Prominent researchers like Cristina Carvalho et al (2015), Ramesh Kandimalla, et al. (meta-analysis, 2016), and Michalis Michailidis (meta-analysis, 2022), have confirmed the evidence of AD as a neurometabolic disorder related to insulin resistance. To cite some of them:
Cristina Carvalho et al, (2015)
Type 2 Diabetes (T2D) is a metabolic disorder well recognized by its widespread deleterious effects throughout the body with the brain representing one of its major targets. It is widely accepted that persons suffering from T2D are at increased risk for cognitive decline and the development of Alzheimer’s Disease (AD) often described as type 3 diabetes.

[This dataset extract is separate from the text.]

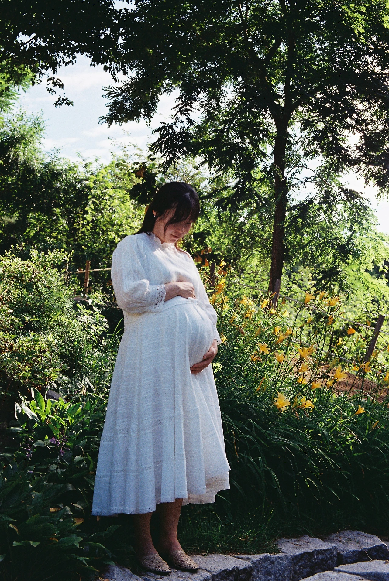 코로나19 때문에 만삭 사진을 찍지 않은 누나. 카메라 들고, 동네에서 내가 찍었다. 필름 사진은 있는 그대로를 보여준다. 포토샵 보정을 못 해. 지켜주지 못해서 미안해.

Michalis Michailidis (meta-analysis, 2022): Alzheimer’s Disease as Type 3 Diabetes: Common Pathophysiological Mechanisms between Alzheimer’s Disease and Type 2 Diabetes In the present review paper we attempted to collect all existing evidence on the case of AD as type 3 diabetes and the common pathophysiological mechanisms between AD and T2DM. Diabetic patients
have higher incidence of cognitive impairment and dementia in particular vascular dementia and AD.
The severity of cognitive impairment depends on type of diabetes, age of onset, and other comorbidities. Based on existing evidence, we now know that insulin resistance, hypoglycemia [24] and hyperglycemia are associated with cognitive decline [144] and are key features of T2DM.
Kellen Mariane Athaide Rocha, et al. (meta-analysis, 2021): The role of type 2 Diabetes mellitus as a risk factor for Alzheimer’s and Parkinson’s diseases
Is widely recognized that insulin resistance plays a key role in the development of DM2, disrupting not only the functioning of peripheral tissues, but also the brain. Insulin plays a critical role in the central nervous system participating in neuronal survival, neuroplasticity, memory and cognitive functions. In addition, peripheral insulin resistance results in loss of brain function, which indicates a strong relationship between metabolic disorders, cognitive impairment and the emergence of neurodegenerative diseases. There are links between these different pathologies, such as increased oxidative stress, neuroinflammation, changes in glucose metabolism as well as insulin resistance. We highlighted that patients with DM2 develop between 50 and 150% more neurodegenerative diseases than general population (Li et al., 2015; Schernhammer et al., 2011). Indeed, Alzheimer’s (AD) and Parkinson’s diseases (PD) are the most prevalent neurodegenerative diseases in the world. They affect about 2% of the world elderly population, and are characterized by cognitive decline of affected patients (Schernhammer et al., 2011). Recent studies seek to understand mechanisms, in addition to the genetic factor, that are involved in the onset, pathophysiology and progression of these diseases.